> GOAL OF THE EXERCISE
Every line from the one with "森本老師故事的另一特色就是, 角色多。從仁獸到GD到天使再到這本, 雖然MOON" up to and including the one with "Her bir set" is to be output exactly as it appears below; pictures are not.

Source data
=== Section Start ===
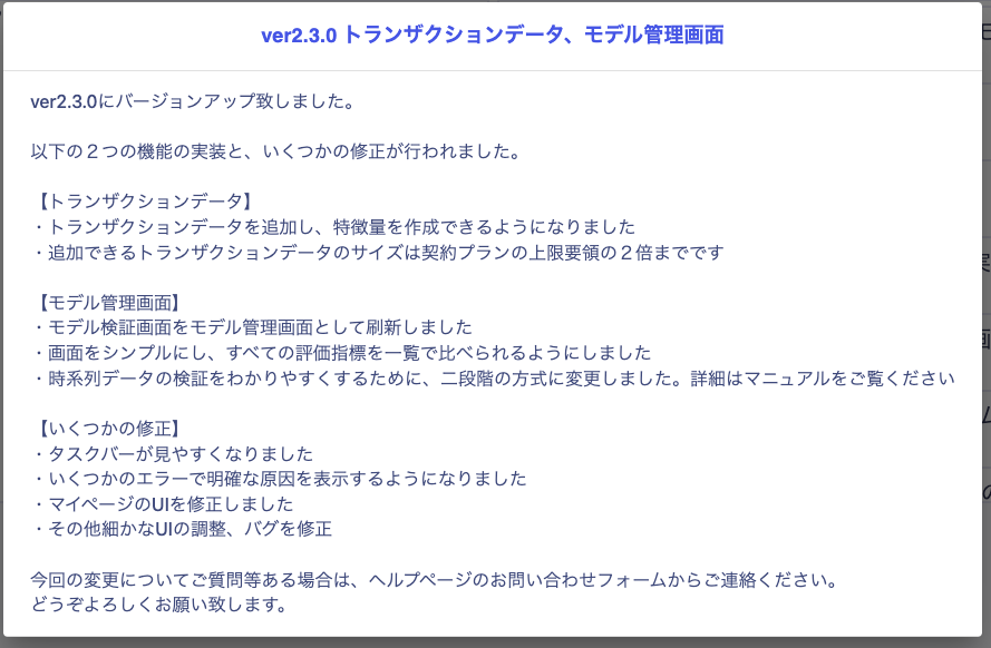 ver2.3.0 トランザクションデータ、モデル管理画面
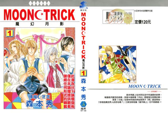 森本老師故事的另一特色就是, 角色多。從仁獸到GD到天使再到這本, 雖然MOON TRICK第一集裡角色還不多, 但已經可以預知當斗哉他們踏上旅行後會遇見多少的人物。我個人其實蠻討厭角色很多的故事.... 一為難記二為角色一多就很能帶有自我特色。但遇到森本老師後, 就連角色出名的多的GD我都可以心平氣和的記住每個人且每位都喜歡。MOON TRICK第一集其實只是做為契子而已, 除了斗哉大雅及楪外, 其他人的出場還不算是很多。就目前為止, 我對大雅的興趣其實多過楪(笑) 大雅真的是好可愛啊!!!! 他觔斗哉兩人感覺真是兩小無猜(笑) 而這次的另一男角: 楪, 與其說像是GD中的岩瀨不如說是像天使中的男角。難得老師男(攻)的氣勢可以完全壓過男(受)。話雖如此MOON TRICK應該跟天使一樣只是打曖昧的擦邊球啦.... 畢竟老師一開始就說了這是本"友情"作(笑) 其中有位我倒是蠻驚訝他會成為主配角之一的, 那就是敗在斗哉之下的男保鑣。雖然連名字都尚未出現, 但既然已經搬到蓮的咖啡廳內應該代表他算主配之一吧.... 雖然他身上完全沒有主配的感覺在(笑)
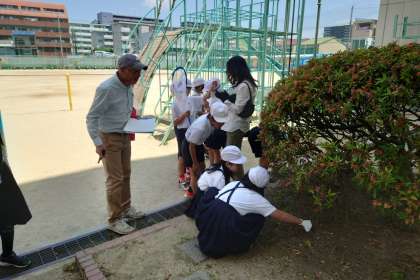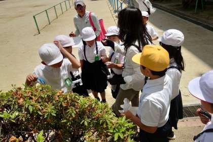 今日は、学校中の生き物、植物を見つけに探検、観察して回りました。
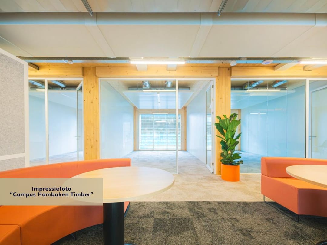 • Oplevering casco-staat: vloerafwerking, akoestische tegels, tapijt, hoge plafonds met LED-verlichting en zichtbare installaties;
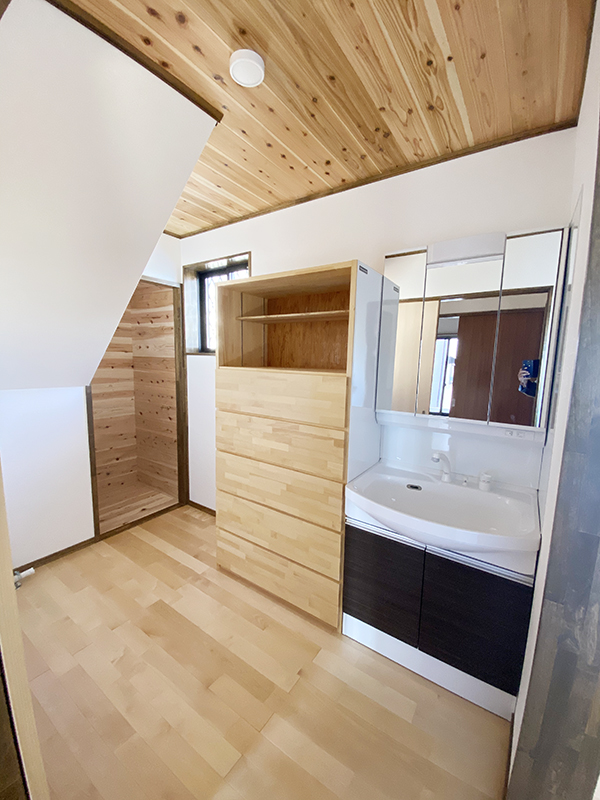 階段・風呂場を移動したので洗面所が広くなり、造作家具・洗面台を取り付けれて収納スペースを設けることができました。
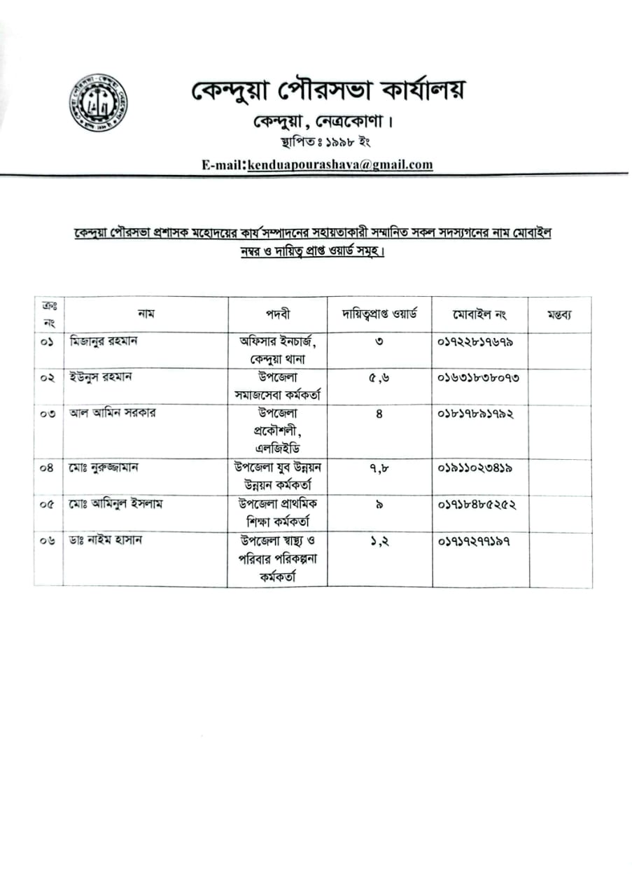 ক্রমিক নং | ওয়ার্ড নং | কান্সিলরগণের নাম | মোবাইল নম্বর |
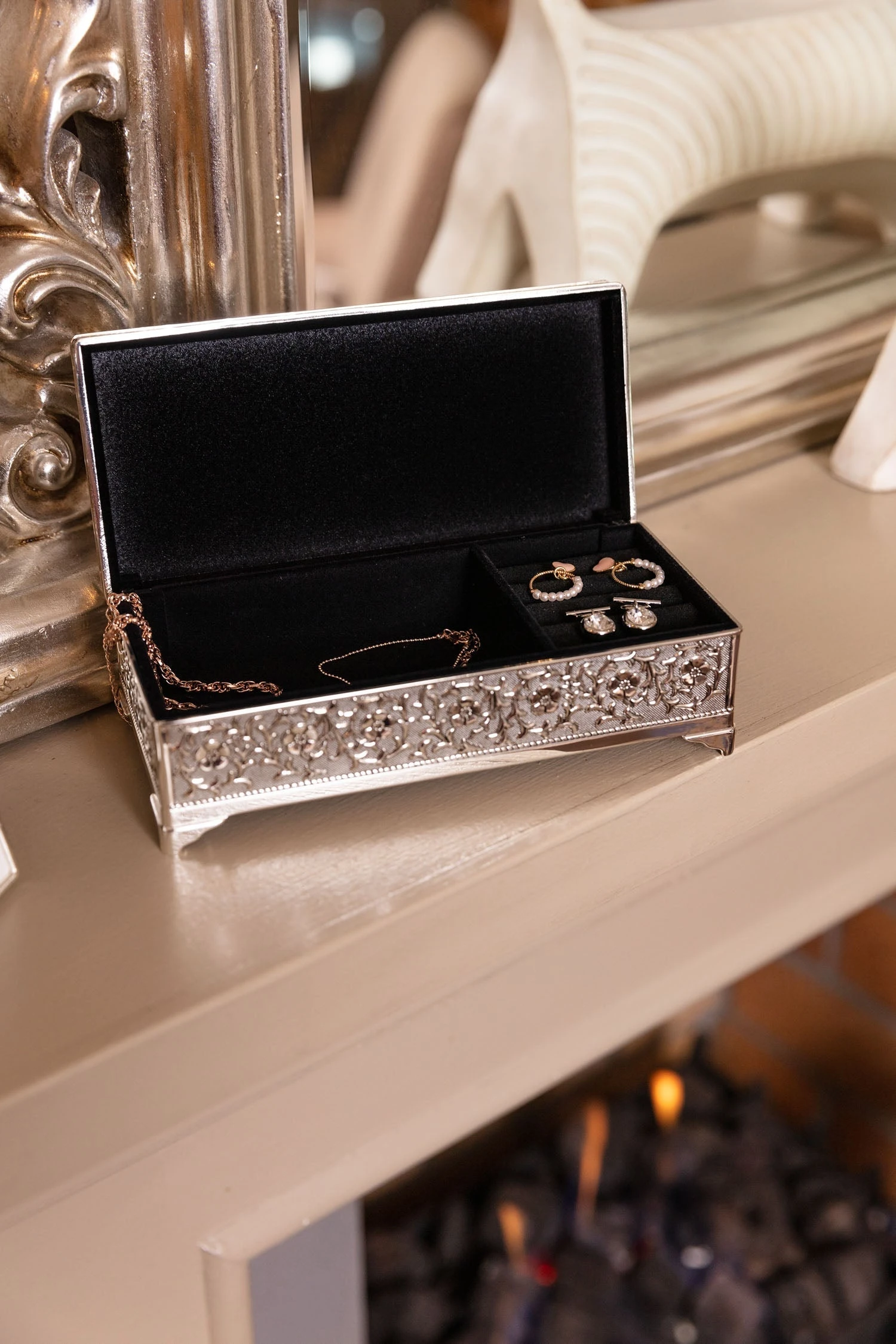 This beautiful antique-finish silver plated jewellery box will make a stunning addition to anyone’s dressing table. A truly thoughtful and surprising gift for her idea. Presented in a beautiful gift box .Â
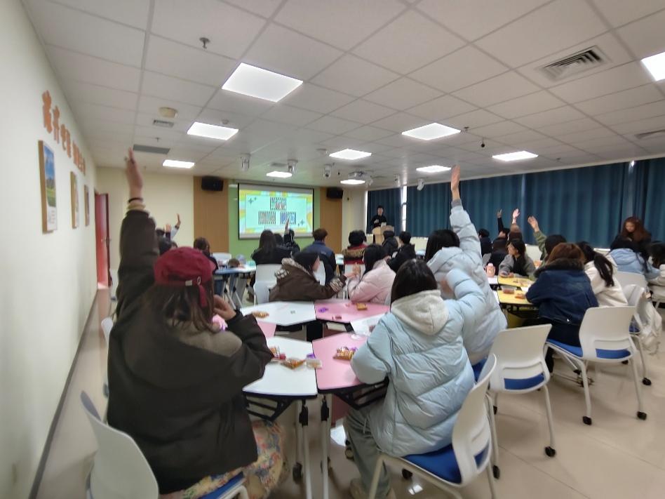 游戏过程中,老师严格按照规则组织,各小组推选代表答题,答对得分、答错不扣分,还能向组员求助,既考验了大家的知识储备,又培养了团队协作能力。为了增加趣味性,还设置了等级奖励,根据各小组猜对次数评选出排名,让同学们在游戏中收获成就感。大家全神贯注参与其中,暂时忘却了开学的焦虑与学业的压力,脸上都洋溢着开心的笑容,彼此间的交流也多了起来,陌生感逐渐消散,凝聚力也在欢声笑语中悄然提升。
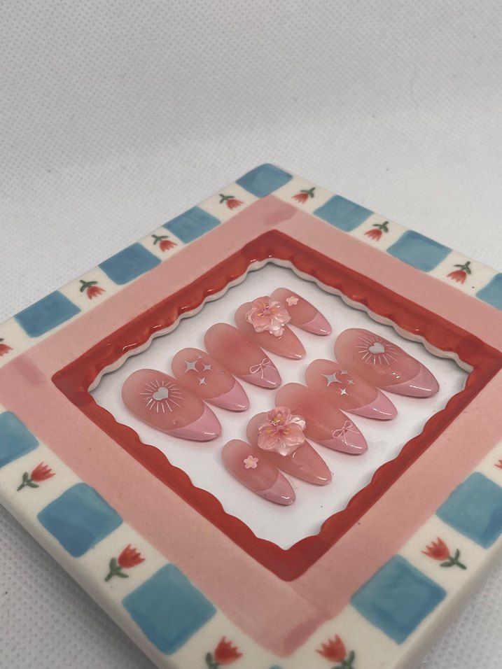 Her bir set özenle hazırlanmış, yalnızca 1 adet stokla sınırlıdır. Tırnaklar kalıcı oje ile uygulanmış, yüksek kaliteli malzemeler kullanılmıştır. Paket İçeriği: • 1 set takma tırnak • Takma tırnak uygulama kiti • Küçük bir sürpriz hediye Siparişiniz özenle paketlenir ve en kısa sürede kargoya verilir. Güle güle ve keyifle kullanmanızı dilerim!
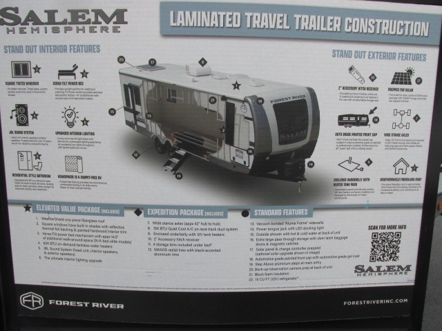 The Salem Hemisphere fifth wheels and travel trailers by Forest River are packed with features, while still being value-minded! Each model is constructed with laminated "Aluma Frame" sidewalls and floor with block foam insulation plus full length barreled ceilings for added head space. There are LED awning, marker and tail lights outside, along with an extra large pass-thru storage with slam latch baggage doors, plus solar prep and Lippert On-The-Go ladder prep. The 60K on-demand tankless water heater will provide endless hot showers, and the JBL sound system includes a head unit plus interior and exterior speakers to keep the party going. There are also many interior comforts found throughout that will make you feel right at home!
=== Section End ===
> SOLUTION TO THE PROBLEM
 森本老師故事的另一特色就是, 角色多。從仁獸到GD到天使再到這本, 雖然MOON TRICK第一集裡角色還不多, 但已經可以預知當斗哉他們踏上旅行後會遇見多少的人物。我個人其實蠻討厭角色很多的故事.... 一為難記二為角色一多就很能帶有自我特色。但遇到森本老師後, 就連角色出名的多的GD我都可以心平氣和的記住每個人且每位都喜歡。MOON TRICK第一集其實只是做為契子而已, 除了斗哉大雅及楪外, 其他人的出場還不算是很多。就目前為止, 我對大雅的興趣其實多過楪(笑) 大雅真的是好可愛啊!!!! 他觔斗哉兩人感覺真是兩小無猜(笑) 而這次的另一男角: 楪, 與其說像是GD中的岩瀨不如說是像天使中的男角。難得老師男(攻)的氣勢可以完全壓過男(受)。話雖如此MOON TRICK應該跟天使一樣只是打曖昧的擦邊球啦.... 畢竟老師一開始就說了這是本"友情"作(笑) 其中有位我倒是蠻驚訝他會成為主配角之一的, 那就是敗在斗哉之下的男保鑣。雖然連名字都尚未出現, 但既然已經搬到蓮的咖啡廳內應該代表他算主配之一吧.... 雖然他身上完全沒有主配的感覺在(笑)
 今日は、学校中の生き物、植物を見つけに探検、観察して回りました。
 • Oplevering casco-staat: vloerafwerking, akoestische tegels, tapijt, hoge plafonds met LED-verlichting en zichtbare installaties;
 階段・風呂場を移動したので洗面所が広くなり、造作家具・洗面台を取り付けれて収納スペースを設けることができました。
 ক্রমিক নং | ওয়ার্ড নং | কান্সিলরগণের নাম | মোবাইল নম্বর |
 This beautiful antique-finish silver plated jewellery box will make a stunning addition to anyone’s dressing table. A truly thoughtful and surprising gift for her idea. Presented in a beautiful gift box .Â
 游戏过程中,老师严格按照规则组织,各小组推选代表答题,答对得分、答错不扣分,还能向组员求助,既考验了大家的知识储备,又培养了团队协作能力。为了增加趣味性,还设置了等级奖励,根据各小组猜对次数评选出排名,让同学们在游戏中收获成就感。大家全神贯注参与其中,暂时忘却了开学的焦虑与学业的压力,脸上都洋溢着开心的笑容,彼此间的交流也多了起来,陌生感逐渐消散,凝聚力也在欢声笑语中悄然提升。
 Her bir set özenle hazırlanmış, yalnızca 1 adet stokla sınırlıdır. Tırnaklar kalıcı oje ile uygulanmış, yüksek kaliteli malzemeler kullanılmıştır. Paket İçeriği: • 1 set takma tırnak • Takma tırnak uygulama kiti • Küçük bir sürpriz hediye Siparişiniz özenle paketlenir ve en kısa sürede kargoya verilir. Güle güle ve keyifle kullanmanızı dilerim!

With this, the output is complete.